Советский магнитофон ставится рядом с моим самым обычным диктофоном. “А это работает?” – спрашивает она. Прослушивая свою запись, я слышу собственный голос, убеждающий ее в том, что все в порядке, а затем свист ее умершего мужа. Звучит фортепианный аккомпанемент, затем вступает оркестр (фоном к яростной мелодии Хачатуряна), а в последнем номере – синтезатор и электронные ударные. “Записывается, да?” – вновь хочет удостовериться Анна Тимофеевна. Прошло десять минут, а записи все еще не заканчиваются. Она пододвигает свой магнитофон поближе к моему. Когда начинается последний кусочек, чувственная танцевальная классика 1950-х, она начинает плакать. “Вот посмотрите-ка на это”, – шепчет она, понижая голос, чтобы не заглушать выступление своего мужа, тревожно переводя взгляд с моего лица на магнитофон, проверяя вновь и вновь, все ли идет как надо. Вручает мне ворох фотографий, затем выхватывает их у меня обратно, выбирая самые лучшие. “Это мама, а это ее сестра, моя тетя”. Свист стихает, но еще долго длится тишина. Анна Тимофеевна вышла на кухню, чтобы найти свою сумочку, помаду и носовой платок.
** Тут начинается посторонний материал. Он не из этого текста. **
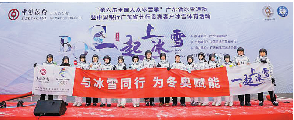
12月14日,中国银行广东省分行联合广东省体育局、广东省冰雪运动协会,在花都融创雪世界举办客户冰雪体育活动

近年来,广东省委、省政府支持北京冬奥会的筹办和备战,将发展冰雪项目纳入“广东省十五体育规划”,通过竞技冰雪运动、群众冰雪运动、冰雪体育产业、冰雪运动宣传等系列措施的落实,推动冰雪产业在粤发展,进一步提升冰雪产业效益。 据市场调研机构易观联合腾讯体育及TOYOTA发布的《2018中国冰雪产业白皮书》显示:2018年广东省滑雪人次年增速为166.67%,位居全国榜首。2018年广东省的滑雪企业数量共400家,排在吉林、辽宁、北京等地之前。2022年北京冬奥会吉祥物“冰墩墩”的设计者来自广州美术学院的师生……广东与冰雪的深厚“情缘”可见一斑。 2017年7月13日,中国银行成为北京2022年冬奥会和冬残奥会官方银行合作伙伴。近年来,中国银行广东省分行切实发挥金融服务实体经济的职责,为广东冰雪产业相关企业提供流动资金贷款、现金管理等产品,协助企业与互联网、大数据、人工智能的融合,助力现代制造业国际化的发展,大力支持冰雪产业发展。(文/戴曼曼)

Муж был центром всей ее жизни, и эти несколько минут на пленке, взрыв трелей, были для моей свидетельницы важнее и тронули ее больше, чем история ее детства и деревенского быта. Еще она с гордостью говорила о войне: “Это было самое большое переживание в нашей жизни, те дружбы, которые мы тогда завели, всегда были такими прочными”. Военные воспоминания в некоторой степени искупили далекое прошлое и, конечно, заслонили его от глаз: “Мы снова выступали на 40-летие Победы. Говорят, что у пальцев самая мощная память. Мои, кажется, запомнили все”. На пленке опять звучит смех, а затем она играет Моцарта, играет плохо, перебирая неподдающиеся клавиши и улыбаясь.
Необязательно знать историю раскулачивания, чтобы послушать мою пленку с записью свиста мужа Анны Тимофеевны, Ефима. Можно восхищаться его мастерством (и выносливостью, ведь он принимал участие в работе над 85 кинокартинами!) и даже узнать некоторые мелодии. Однако куда тяжелее проследить историю, которая им сопутствует, – цензуру и умалчивания, которые подчас по-настоящему шокируют. Например, одна из тех вещей, которые кажутся удивительными в рассказе Анны Тимофеевны, – это то, что в нем совсем нет горечи и ожесточения. Отчасти причина кроется в том, что ее вовремя забрали родственники и она смогла заново построить свое будущее в другом городе. Несомненно, важную роль играют здесь и различные формы подавления памяти и механизмы самосохранения. Но есть во всем этом еще один, особенный исторический аспект, который роднит Анну Тимофеевну с миллионами людей ее поколения: уникальное советское самосознание.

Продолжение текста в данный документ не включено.